Although the hydraulic pressure in the high pressure chamber 30 of the above-described embodiment is always constant during constant operation rotation, in this embodiment, although the pressure fluctuates due to rotation, the torque transmission characteristic has the same result. Also in this embodiment, the same effect as that of the above embodiment can be obtained.

[0030]

[Effect of the device]

 As described above, according to the present invention, the structure of the valve body positioning mechanism is simplified and the cost can be reduced. Further, since the preload piston and the preload spring are unnecessary, the structure is simple and the cost can be reduced. Further, it is not necessary to increase the rigidity of the housing and the like, and the weight can be reduced. Also, since the system can be used with a rotary valve, the drawbacks due to the check valve can be eliminated.

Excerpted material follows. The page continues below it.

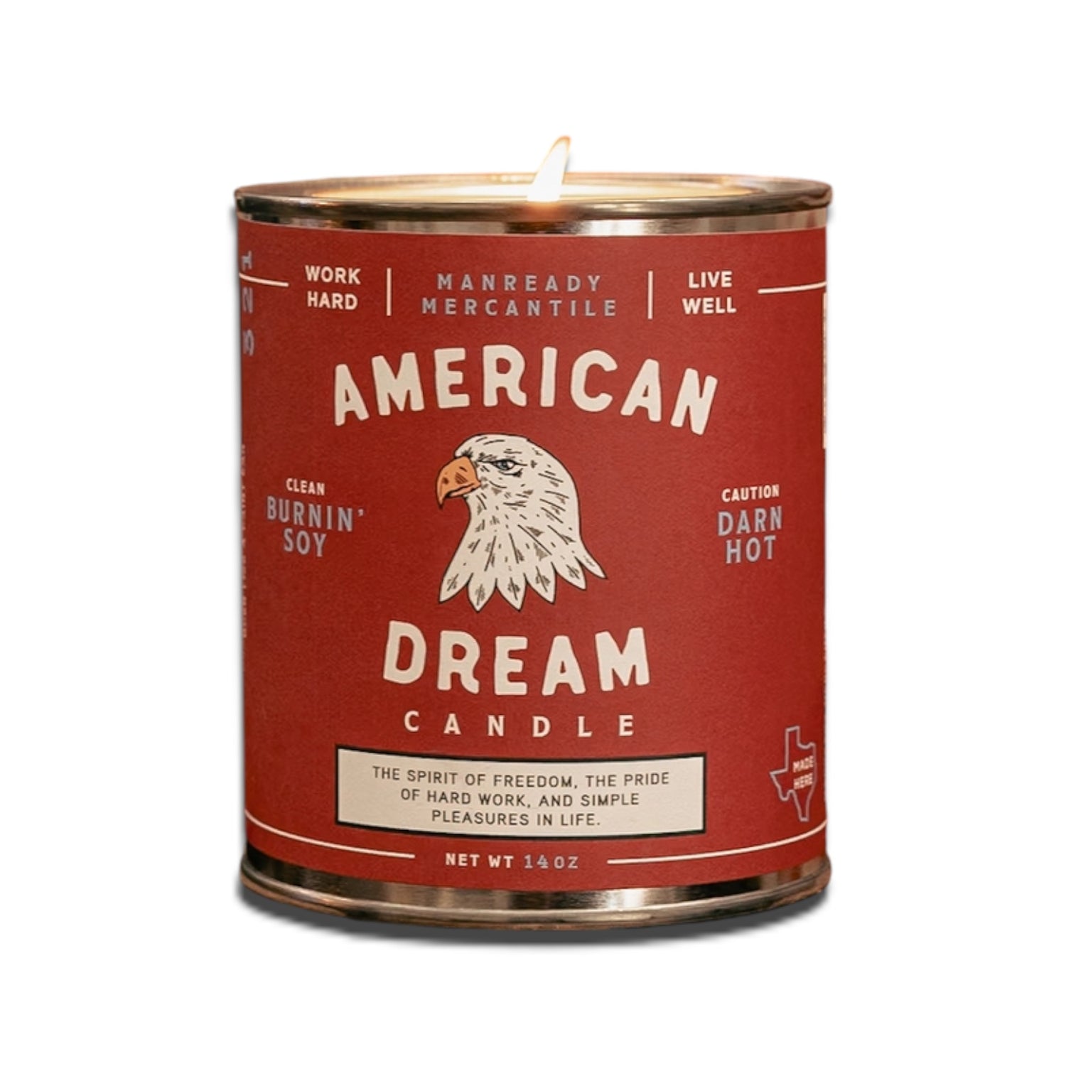 American Dream captures the spirit of freedom, the pride of hard work, and the simple pleasures that define everyday life. Part of Manready Mercantile’s Americana Series, this hand-poured soy candle features an elevated blend of bourbon vanilla, bergamot, and sandalwood for a warm, grounded scent profile. Designed in a rugged 14-ounce paint can, it brings character and intention to shelves, workspaces, cabins, and lived-in homes alike.
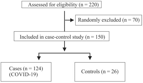 Blood samples of 194 patients were collected from patients aged 18 years or older between 16 April 2020 and 12 January 2024 at the University Hospital of Regensburg. SARS-CoV-2 infection was confirmed by polymerase chain reaction. All patients were hospitalized for COVID-19 disease. For the current analysis, 124 samples were randomly selected (Figure 1).

[Brief description of drawings]

FIG. 1 is a diagram showing an embodiment of the present invention.

FIG. 2 is a sectional view taken along the line AA of FIG.

FIG. 3 is a cross-sectional view taken along the line CC of FIG.

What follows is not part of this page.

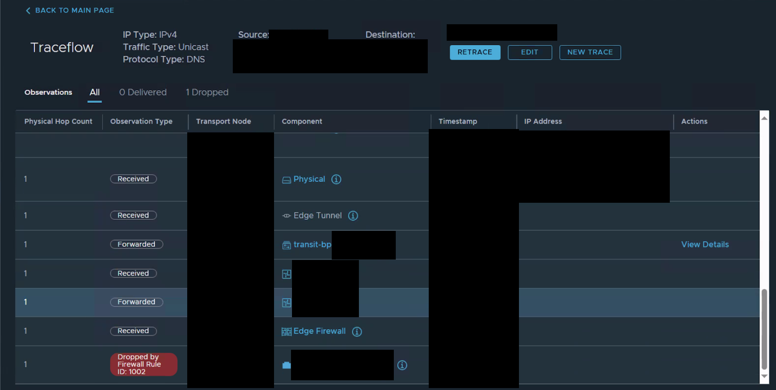 Verification via NSX Traceflow shows: Packet dropped by Rule 1002.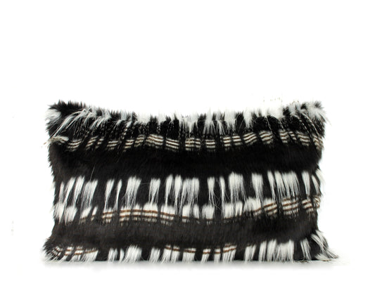 Luxury Black and White Faux Fur Pillow Cover - Custom Backing Color

FIG. 4 is a sectional view taken along the line BB of FIG.

FIG. 5 is a sectional view showing engagement between the housing and the rotary valve.

FIG. 6 is a view showing another embodiment of the present invention.

FIG. 7 is a rear view of FIG.

[Explanation of symbols]

 1: Case 2: Bearing 3: Input shaft 4: Spline part 5: Screw part 6: Rotor shaft 7: Joint 8: Hollow part 9: Step part 10: Small diameter part 11: Spline part 12: Washer 13: Nut 14: Outer Diameter part 15: Oil seal 16: End block 17: Cam surface 18: Housing 19: Flat part 20: Inlay part 21: Bolt hole 22: Plunger chamber 23: Plunger 24: Return spring 25: Suction / discharge hole 26: Rotary Valve 27: Suction path 28: Suction port 29: Discharge port 30: High pressure chamber 31: Thrust plate 32: Seal ring groove 33: Seal ring (seal member) 34: Thrust bearing 35: Retaining plate (support member) 36: Snap Ring (positioning member) 37: Orifice 38: Protrusion 39: Aki Multer piston 40: Cover 41: Return spring 42, 43: Oil seal 44: Needle bearing 45, 45a: O-ring 51: Housing 52: Cam surface 53: Rotary valve 54: Protrusion 56: High pressure chamber 57: Orifice 58: Seal ring Groove 59: Seal ring 60: Suction path 61: Suction port

Claims (1)

[Scope of utility model registration request] 1. A housing provided between relatively rotatable input / output shafts, connected to the one shaft, and having a cam surface having two or more ridges on an inner diameter surface thereof; and a housing connected to the other shaft. At the same time, it is stored rotatably in the housing,
A rotor shaft having a plurality of plunger chambers formed in the radial direction; reciprocally housed in each of the plurality of plunger chambers under the pressure of a return spring, and the cam when the two shafts relatively rotate. A plurality of plungers driven by surfaces; suction and discharge holes formed in the rotor shaft and communicating with the plunger chamber; slidably contacting the rotor shaft, and positioned in a predetermined relationship by the cam surface and a protrusion, A plurality of suction ports that act as suction valves and discharge valves depending on the positional relationship with the suction and discharge holes, a valve body having a discharge port formed on the surface, and a valve body provided on the valve body and communicating with the discharge port on the back surface of the valve body. A high pressure chamber that opens, a seal member provided around the high pressure chamber, a thrust bearing that presses the seal member, and a thrust bearing. A support member that supports the support member, a positioning member that positions the support member, the thrust bearing, and the valve body; and a flow resistance generation unit that is provided at the outlet of the high-pressure chamber and that generates flow resistance. Hydraulic power transmission coupling.